To say we live in a politically polarized society is like saying the Grand Canyon is a hole in the ground. Those seeking common ground between the left and the right, between Democrats and Republicans, are a vanishing breed. Whether these United States will remain so is more debatable than at any time since the Civil War.
And yet, as the documentary The First Step demonstrates, there are those who are trying to bridge the gap. The movie, which screens at PAM CUT’s Whitsell Auditorium on Thursday, Oct. 6, follows the efforts of liberal firebrand Van Jones to push a bipartisan criminal reform bill, one that (spoiler alert) was eventually signed into law as the First Step Act by Donald Trump in December 2018.
It’s an impressive and immersive fly-on-the wall look at, as they say, how the sausage gets made.
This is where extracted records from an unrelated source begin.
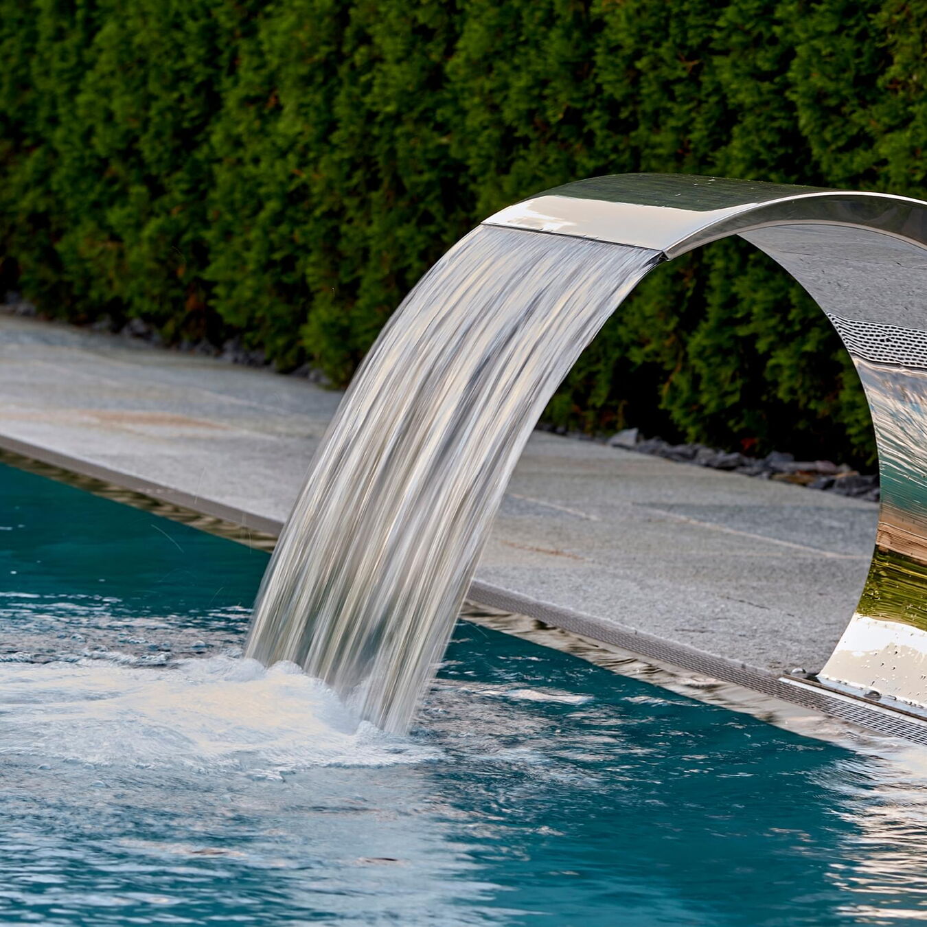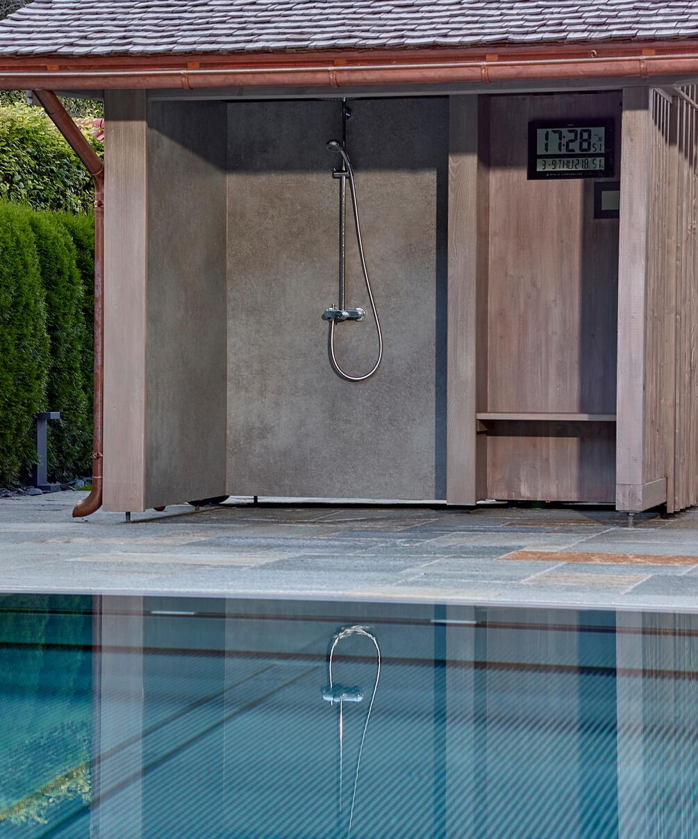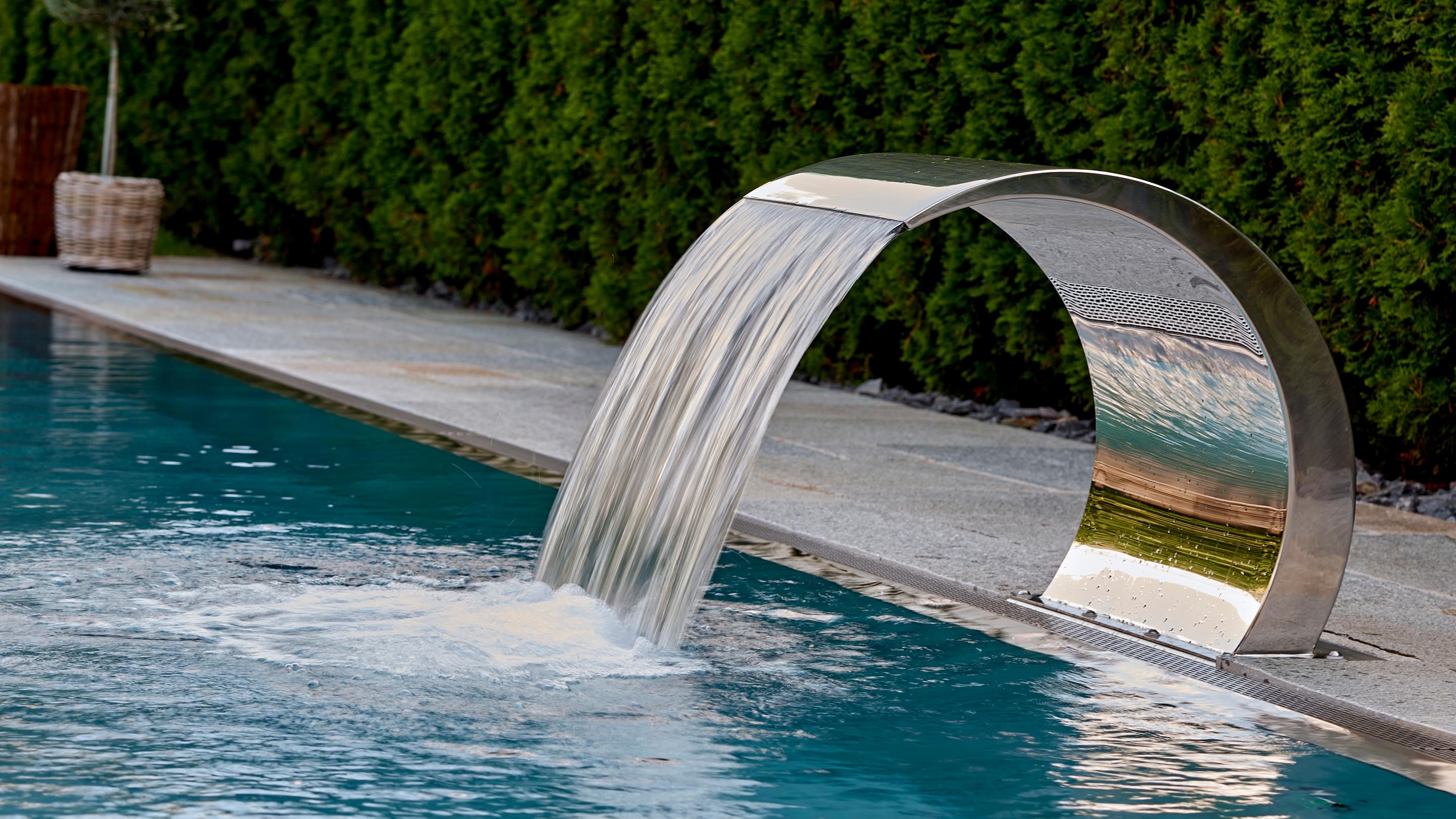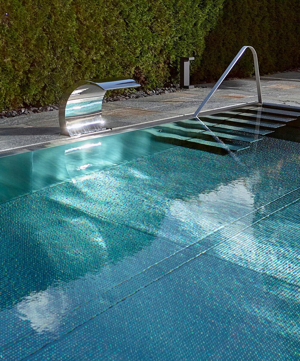 Hart, wat wil je nog meer?! Huis, tuin en zwembad vormen een harmonieus geheel, vooral omdat het zwembad is omgeven door dezelfde natuursteenplaten als het terras. Het doel van het zwembad is om sport en wellness te combineren. Daarom koos Bernhard Alt, een van onze deskundige adviseurs, voor een zwembad met een lengte van 12,50 meter en een breedte van 3,40 meter. Zo kan er zowel klassiek worden gezwommen als worden genoten van waterattracties.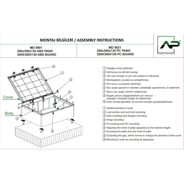 RAZVODNI ORMAN 200x300x130mm IP65 ABS MD9001 Adal Pano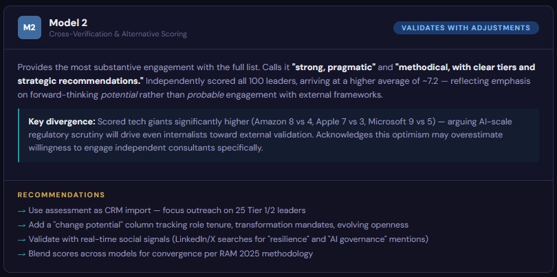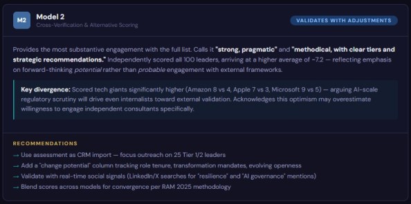 We submitted the full Top 100 to a RAM 2025™ Level 2 multimodel assessment — five independent AI models evaluating each leader’s likely receptivity to organizational readiness principles, including governance operability, decision authority alignment, and the gap between how organizations say they operate and how they actually do under stress.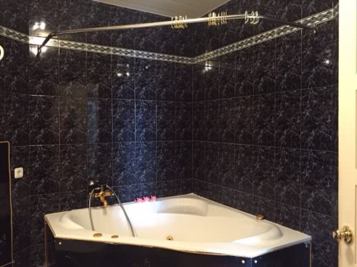 Асимметричные карнизы чаще всего используют для акриловых ванн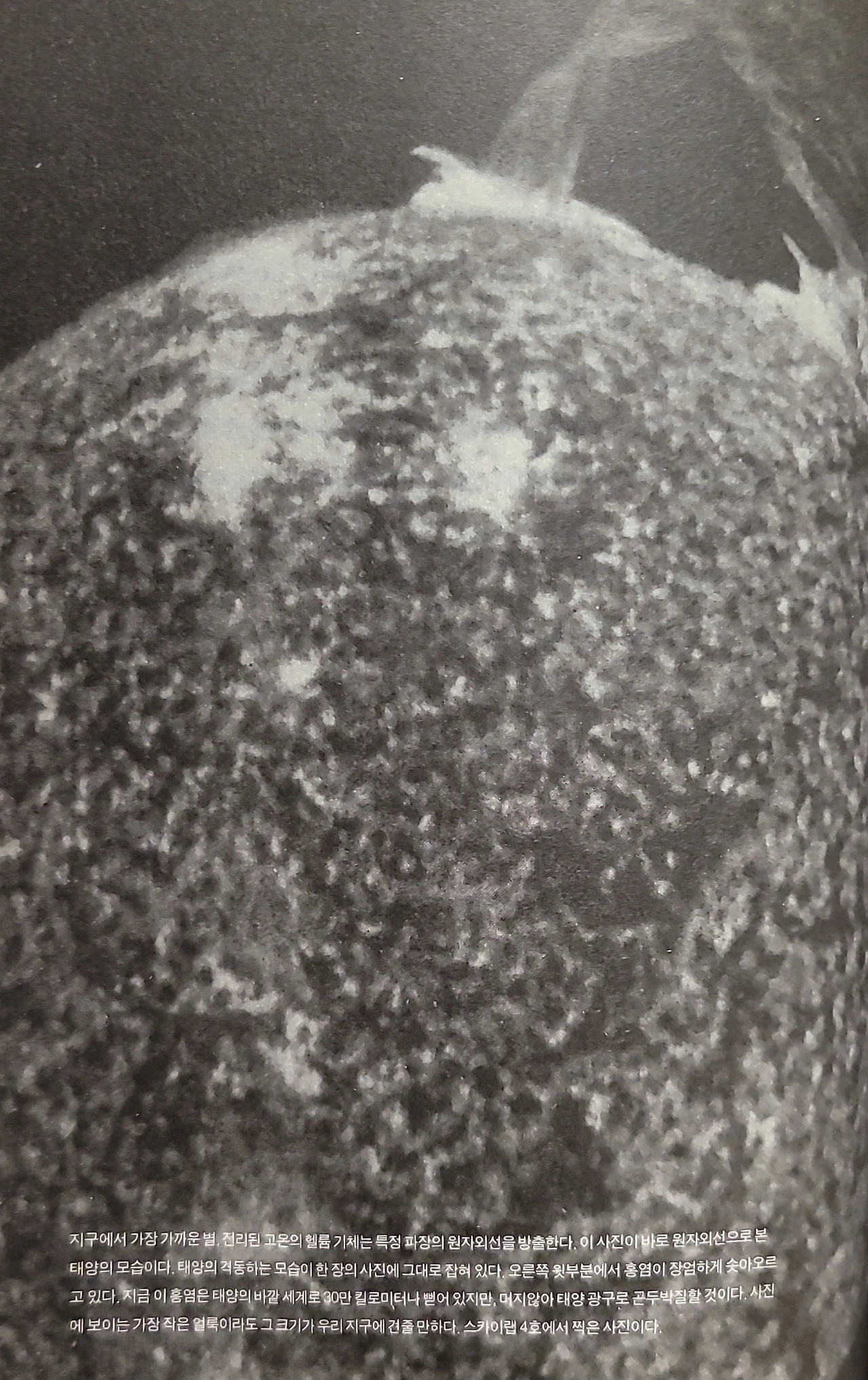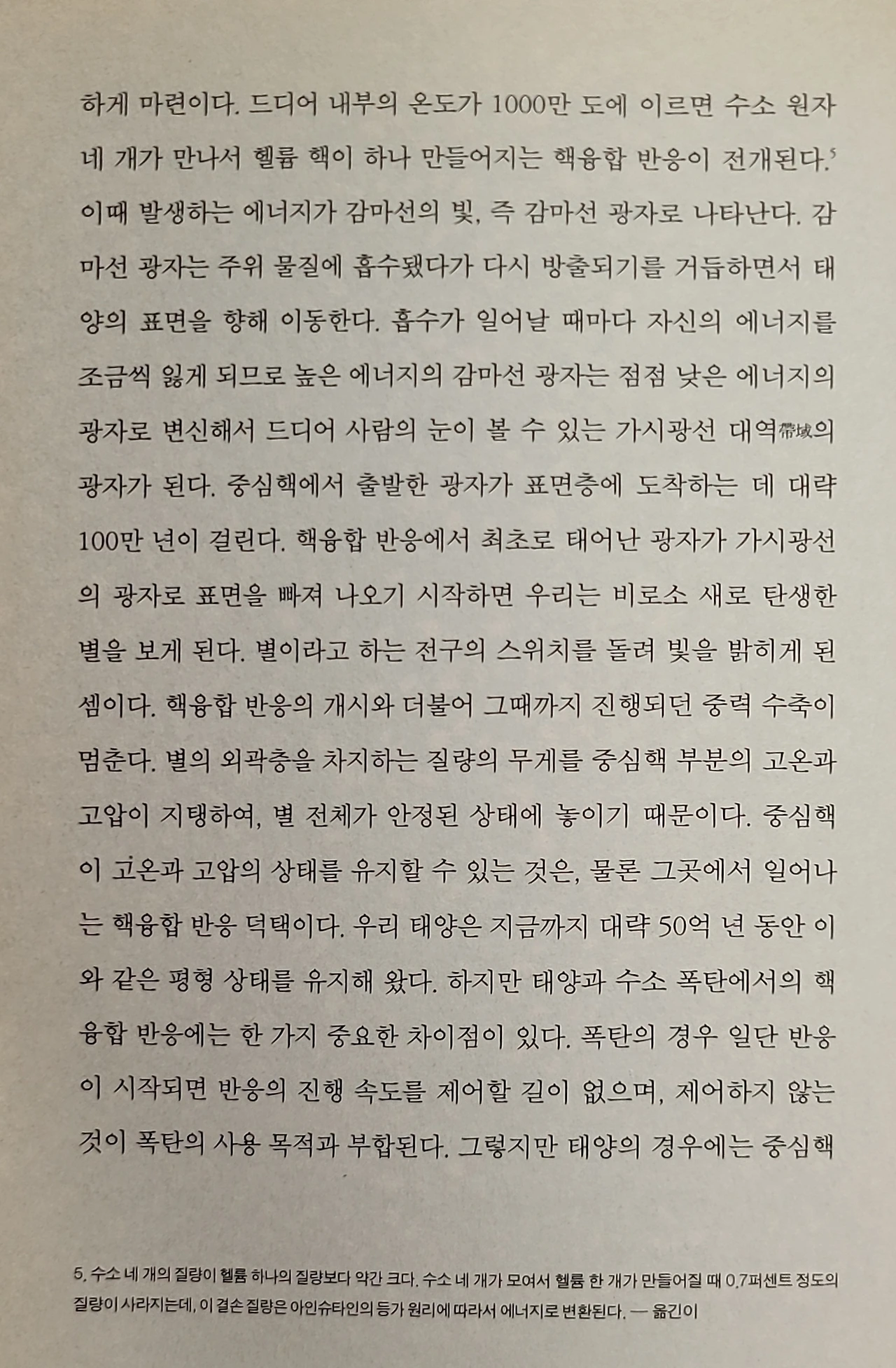 일부 별은 초신성 폭발이라는 작렬한 죽음을 맞이한다. 폭발의 충격파는 주위의 성간 물질을 밀어 성간운의 밀도를 증가시키고 이로 인해 중력 수축이 일어나 별의 탄생을 촉발시킨다. 칼세이건은 이를 두고 별도 인간처럼 부모가 있고 세대가 있다고 말한 부분이 인상 깊었다. 지금 우리에게 낮을 선사하는 태양은 수소를 융합하여 헬륨을 만드는 핵융합 반응을 하고 있다. 이때 발생하는 광자는 중심핵에서 표면층까지 도달하는데 100만 년이 걸린다고 한다. 100만 년 전 호모에렉투스 가족이 살고 있을 때 그들 머리 위 태양에서 만들어진 광자가 지금 내가 사는 지구를 밝히고 있다는 사실이 놀랍다.
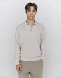 [적립금 5%] 커스텀 슬림핏 롱 슬리브 메시 폴로 - 블랙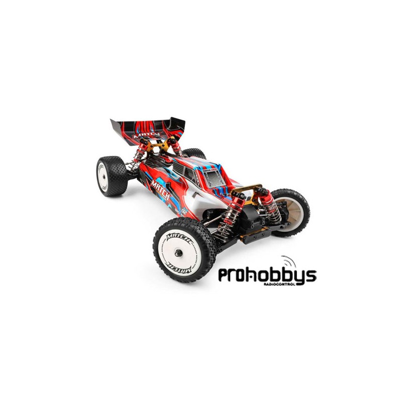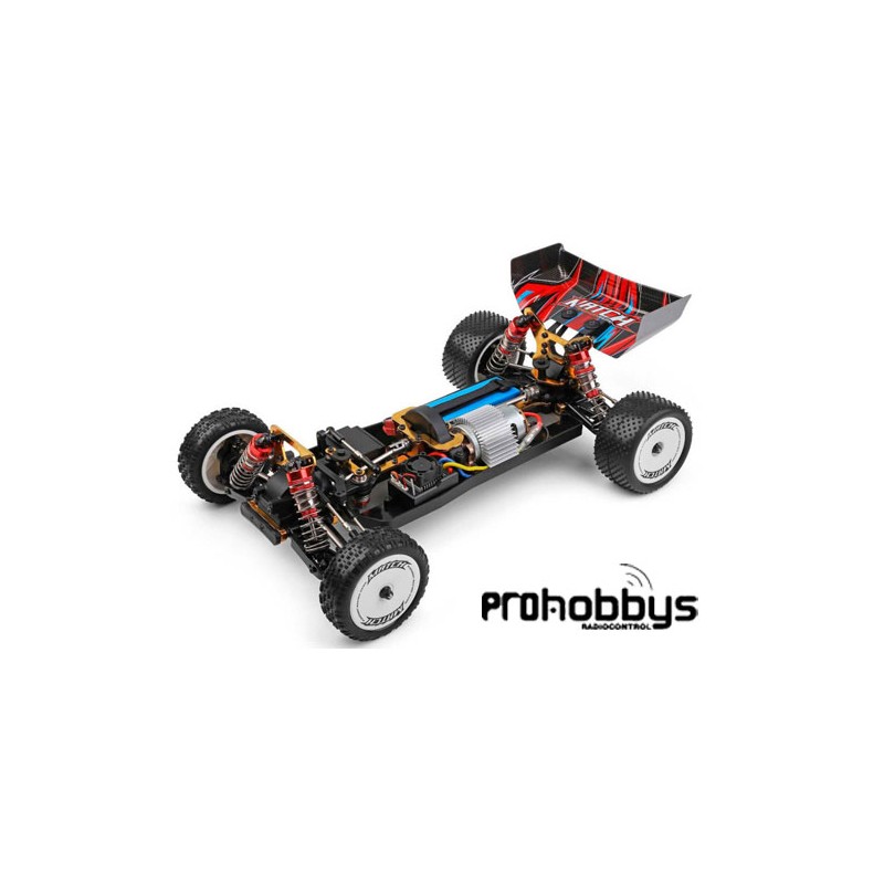 Wltoys 104001. Primer precio en buggy 1:10 off-road.Este es el espectacular buggy Wltoys 104001. Un coche radiocontrol de escala 1:10 con tracción a las cuatro ruedas (4x4). Desde Wltoys han conseguido una estética y comportamiento 100% racing con un precio realmente contenido manteniendo la calidad de los materiales, donde otros utilizan plástico, el Wltoys 104001 utiliza aluminio para aumentar la resistencia a los impactos.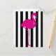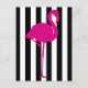 Hot Pink Flamingo on Black and White Stripes Postcard

Jones takes a lot of flak from his erstwhile allies in the Black community for even deigning to meet with the likes of Jared Kushner and Kellyanne Conway, much less give them a legislative victory. But he’s undeterred in, as he sees it, his quest not to let the perfect be the enemy of the good. Whether one agrees with his political strategy or not, The First Step is a fascinating look at process and personality in Washington.
That’s where producer Lance Kramer grew up (Bethesda, Maryland, to be specific), before moving to Portland right out of college in 2006 and getting a job writing for Willamette Week. His first visit to the area had come the previous summer when he attended a cousin’s wedding, and he fell in love with the place. “I basically couch-surfed with my cousin and then realized Nigel (Jaquiss) at Willamette Week had gone to the same college as me and was listed as a career advisor in journalism.” That led to an internship, and Kramer spent the next three years working the culture beat.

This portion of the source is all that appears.